# vpn spain



## Chausson (Oct 17, 2006)

Hiya guys
There is a vpn available for use in spain,I used it last time I was there but for the life of me cannot remember its name its free and good can anyone help me out with the name of it please.

Ron


----------



## raynipper (Aug 4, 2008)

How about tunnelbear.com ..??

Ray.


----------



## thevines (Aug 6, 2008)

Try CyberGhost 5. My brother-in-law uses it from Spain.


----------



## wakk44 (Jun 15, 2006)

It was discussed on here a couple of days ago..........

http://www.motorhomefacts.com/ftopict-244762-.html


----------



## Wizzo (Dec 3, 2007)

Could it be ExpatShield that you were trying to think of?
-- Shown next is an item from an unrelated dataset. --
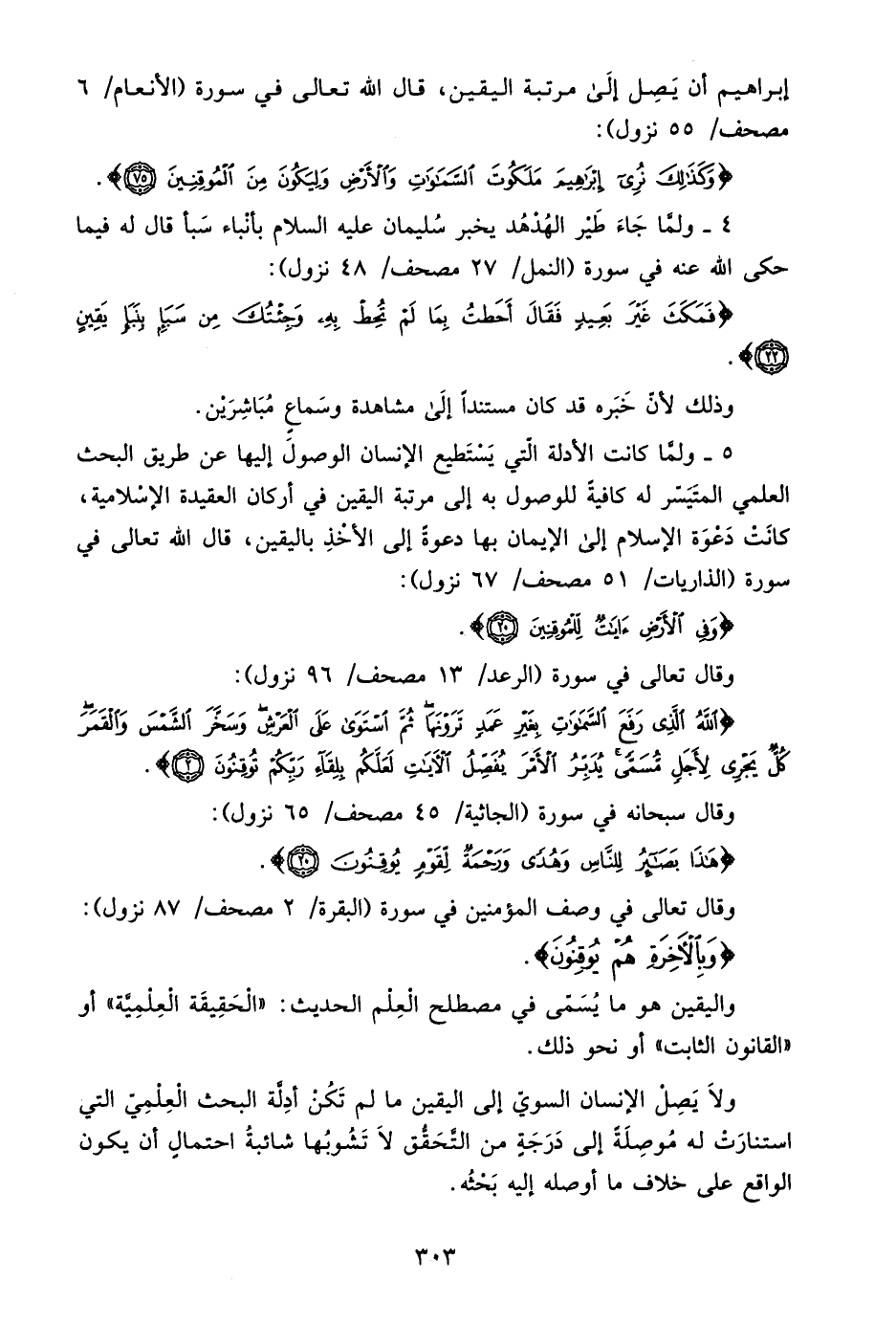 5- ولما كانت الأدلة التي يستطيع الإنسان الوصول إليها عن طريق البحث العلمي المتيسر له كافية للوصول به إلى مرتبة اليقين في أركان العقيدة الإسلامية، كانت دعوة الإسلام إلى الإيمان بها دعوة إلى الأخذ باليقين، قال الله تعالى في سورة "الذاريات: 51 مصحف/ 67 نزول":

We were using that last year but at some point they decided to start charging and in the end it didn't work properly.

I now use SurfEasy. Not free (unless you only want about 500MB or so per month) but certainly not expensive and has worked well for me.

JohnW


----------



## Chausson (Oct 17, 2006)

Hi 
Thank you all for your contributions alas it is not one of them but I think I may give Rays input a go and see how I get on with that.
Thanks.


Ron


----------



## Chausson (Oct 17, 2006)

Hi 
Thank you all for your contributions alas it is not one of them but I think I may give Rays input a go and see how I get on with that.
Thanks.


Ron


----------